The Critical Mindset

If you’re taking the time to read this, then I doubt you’re the sort of teacher who thinks there’s one best way to teach and one best way to learn.

If you agree with me on that, then you might also agree that a lot of the pre-defined formulae for ‘critical thinking’, typically represented in fancy diagrams that somehow ‘guarantee’ that you’ll tick this or that box for ‘effective learning’, won’t get you very far.

In my column, I will explore some of the mindset for Critical Pedagogy. Only some. You will absorb these ideas differently to the next person reading this. You will understand this based your culture, your history, your story, your education and your personality.

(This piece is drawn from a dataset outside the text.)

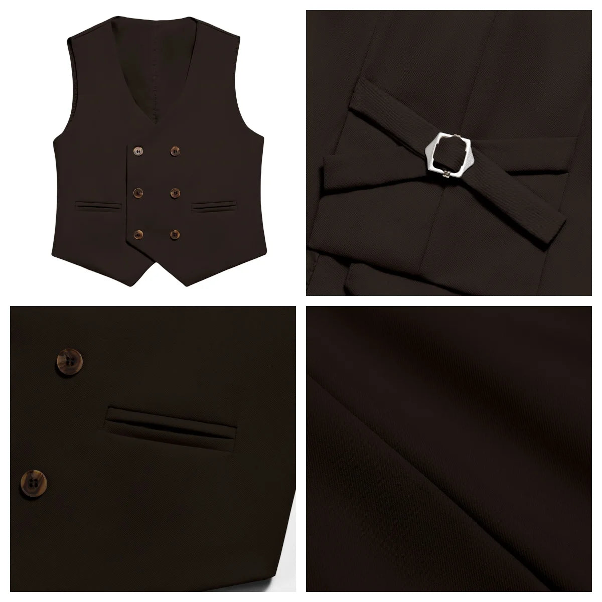Vintage Brown Formal Suit Set for Kids, 3-14 Years Boy's Tuxedo Set, Blazer, Vest, Pants, Bow-tie, Graduation Party Dresswear

It might make you a better teacher immediately because you might have a lightbulb moment and change some of the things you do and learn from those changes. It might not make you a better teacher immediately because you might need time to digest these ideas, read further and decide what it all really means to you.

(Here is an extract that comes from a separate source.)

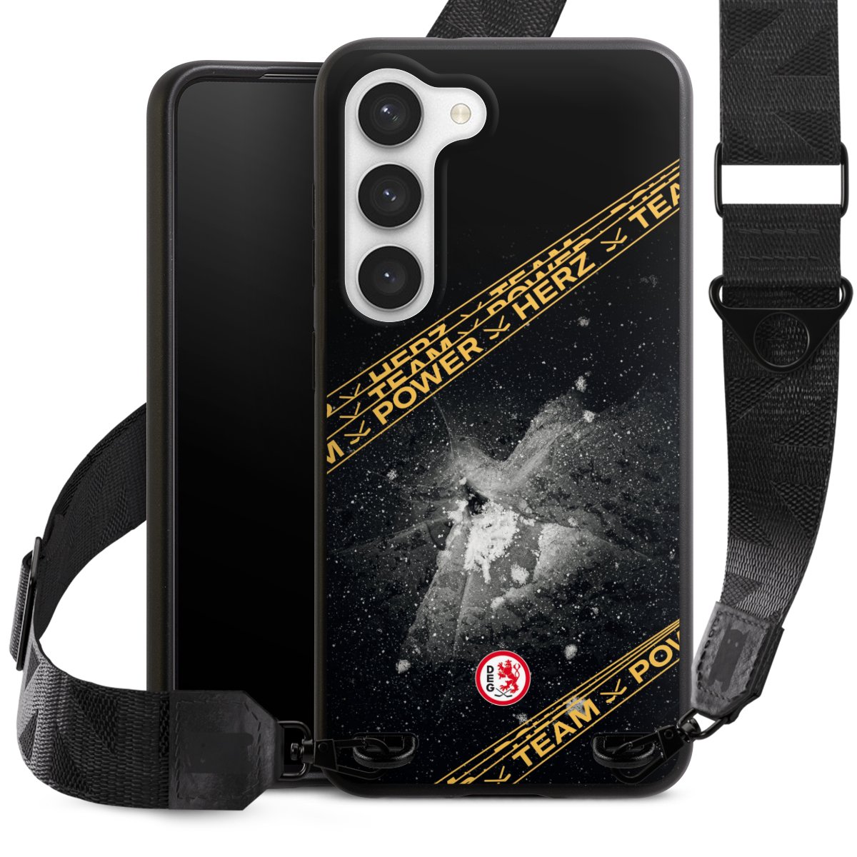 Gestalte Dein Case ganz nach Deinen Wünschen! Edles Creme oder lieber klassisches Schwarz? Du entscheidest, welche Farbe am besten zu Dir passt. Die dezenten Designs der Gurtbänder passen garantiert zu Deiner Hülle, egal mit welchem Lieblingsmotiv Du Dein Case bedrucken lässt.

Education, and language education, is inseparable from social reconstruction. When we ‘educate’, we change. We remove barriers to understanding, we create conditions for the development of knowledge and, most importantly, we shape belief systems. Education does some very wonderful, albeit unnoticed things every single day, everywhere.

Yet all too frequently we talk about the failures of education, and analyse what has broken and not what can be built. Even when we speak critically of education, we slip into criticism or adopt very extreme rhetoric, which ultimately denies access to the critical thinkers who aren’t at that extreme. Even critical discourse creates its own elite.

If critical discourse is to foster any real change in the way we teach and think about teaching, its theory and practice needs to become more accessible, with words that are simple enough yet not too simple.

I don’t think that critical discourse has a general grammar system; there’s no prescription for how to do it right. It does however have a vocabulary system. This is Paulo Freire’s profound contribution to education, making this vocabulary known, accessible and creating educational cultures that continue to widen these circles of accessibility. Freire believed very deeply in ‘naming reality’ because once people have those tools to transform everyday talk into intellectually responsible dialogue, the capacity for ideas to have impact becomes infinite. I’d like to go back to the vocabulary and to talk through these words so that you can discover a local grammar for these ideas, and shape a discourse that is meaningful to you, your classroom and your community.

The texts we chose for our classrooms, whether they’re ones we read or listen to or speak, all have grounding in a system of values. These values are inescapable. Even the most ‘neutral’ classroom input can be deconstructed in terms of how it is presented, where and with what sort of agenda for understanding. Whether or not it requires deconstruction is another issue but the non-neutrality of a classroom space is perhaps the most useful starting point for approaching Critical Pedagogy.

Critical Pedagogy tries to build the gap between the human condition and human agency, in education. Simpler yet, it makes us care and takes that sense of caring to a very deep level of engagement, which then awakens the energy to act upon these things that we care about. Not everyone has to care about the same thing, not everyone needs to act in the same direction but surely everyone needs to care. And surely the best use of our ability to combine intellectual processes with social ones, which distinguishes us as human beings, is towards bettering the world we live in and the people we share it with?